Гобелен под названием «Дама с единорогом» потряс меня в силу причин, о которых я не стану здесь распространяться. Когда я переходил границу, направляясь из Чехословакии в Польшу, был полдень, стояло лето. Идеально прямая линия пересекала поле спелой ржи; его белизна могла поспорить с белизной волос молодых поляков, а мягкость — с немного масляной мягкостью Польши, страны, которую, я слышал, на протяжении всей истории то оскорбляли, то жалели. Со мной был еще один парень, высланный, как и я, чешской полицией, но очень скоро я потерял его из вида: может быть, он заблудился в роще или решил меня бросить; так или иначе, он исчез. С польской стороны ржаное поле было окаймлено лесом, на опушке которого застыли березы. С чешской стороны — другим, еловым лесом. Я долго сидел на корточках у его края, настороженно думая, что таит в себе поле, которое я собираюсь пересечь, и сколько пограничников прячется во ржи. Не заметные глазу зайцы, наверное, перебегали через него. Меня охватила тревога. В полдень под безоблачным небом природа предлагала мне загадку, и предлагала ее с пленительной нежностью.

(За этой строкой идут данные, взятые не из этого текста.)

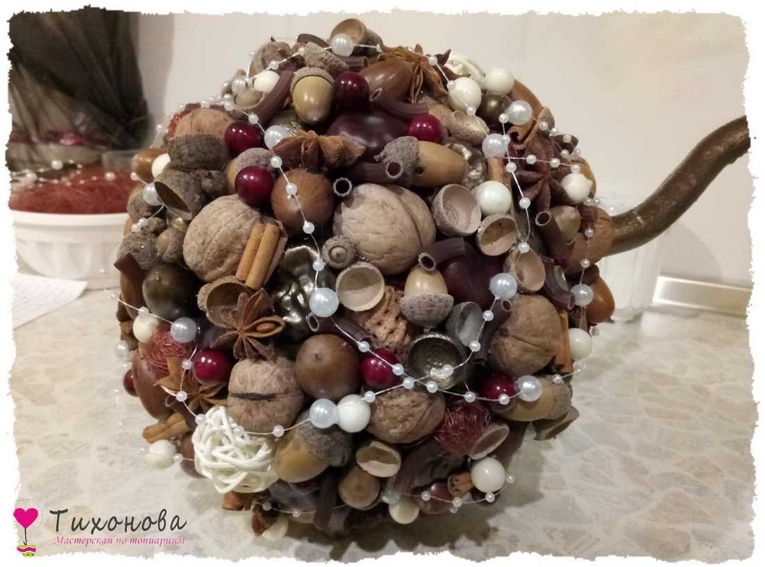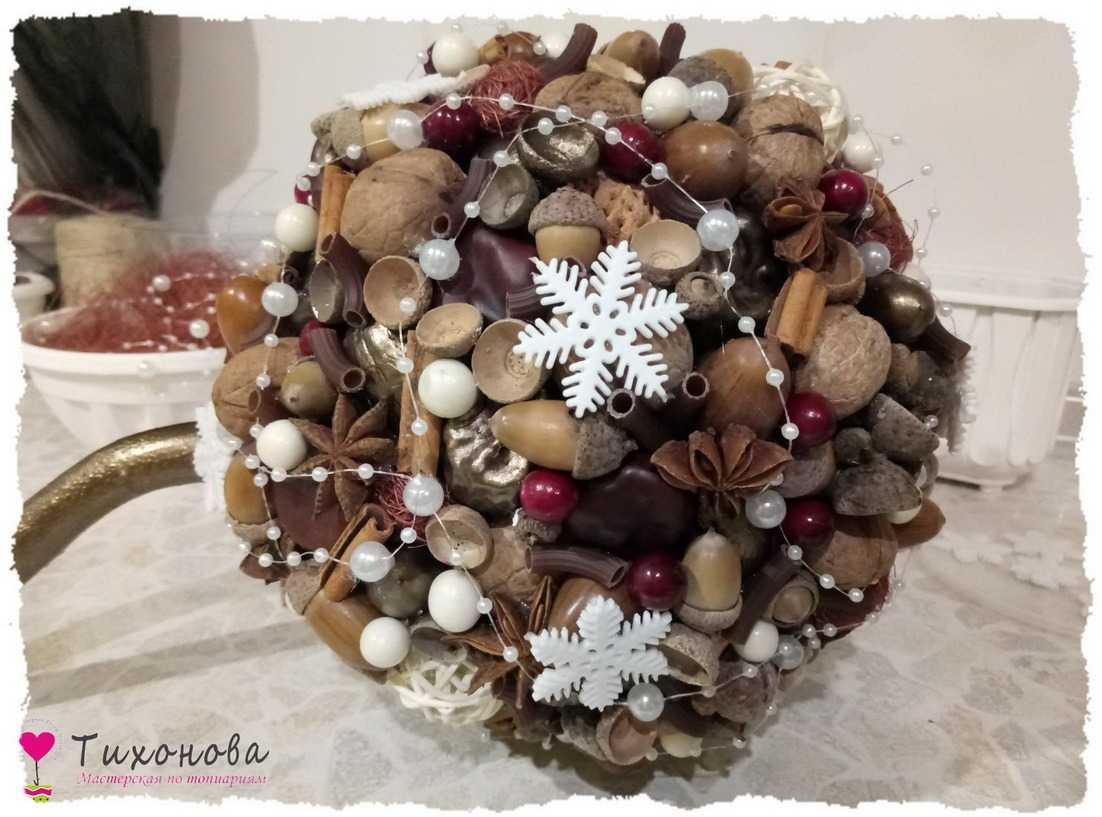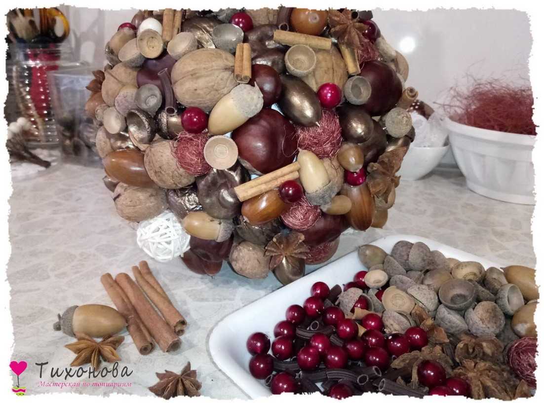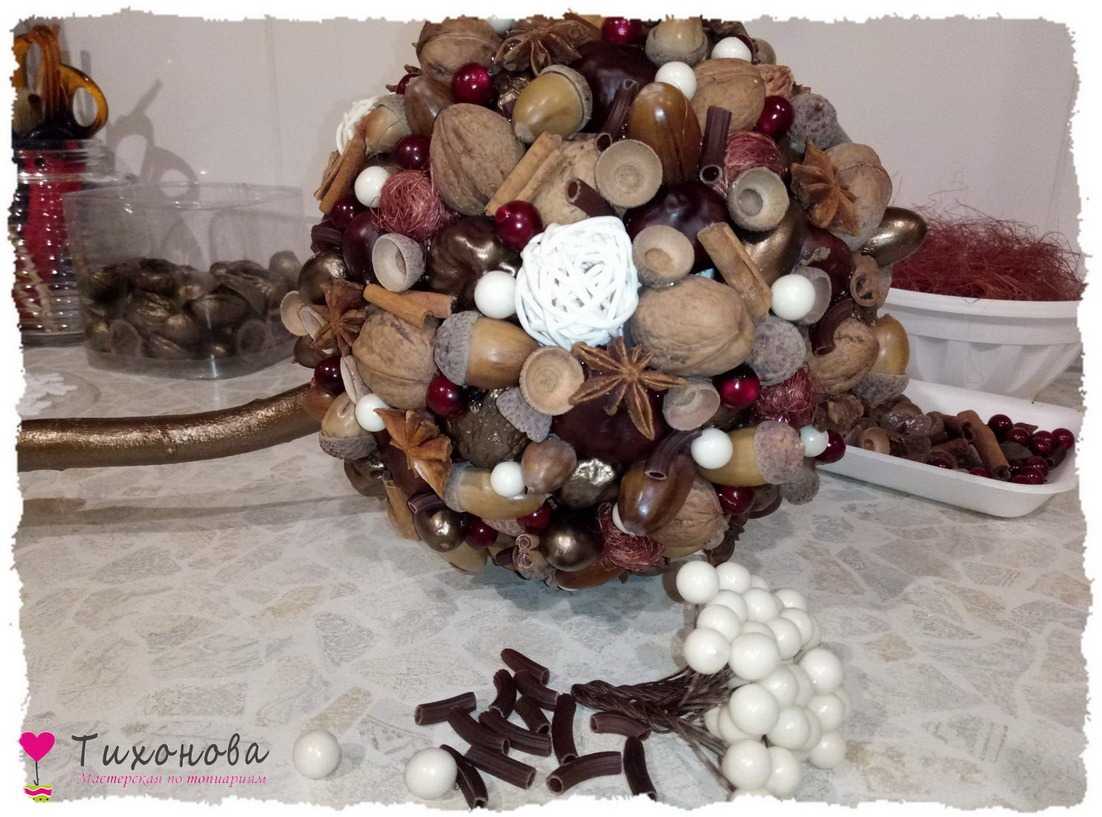 Этап 6. Декор кроны. Секрет колорита новогоднего топиария — разнообразие декора из природного материала в сочетании с искусственными элементами. По всей поверхности шара, кучно, без пробелов, приклеиваем декор, чередуя крашеные и не крашеные элементы:

Если что-то произойдет, говорил я себе, так это появление единорога. Подобное время и место могут разрешиться только единорогом.

Страх и волнение, которые я неизменно испытываю при переходе границы, создали в полдень первую феерию под свинцовым солнцем. Я бросился в это позолоченное море, как в воду. Я шел через рожь, выпрямившись во весь рост. Я продвигался вперед медленно и уверенно, чувствуя себя титулованной особой, для которой природа сочинила герб из лазури, золотого поля, солнца и леса. Это изображение, частью которого я был, осложнялось польскими образами: «В этом полуденном небе, должно быть, незримо парит белый орел!»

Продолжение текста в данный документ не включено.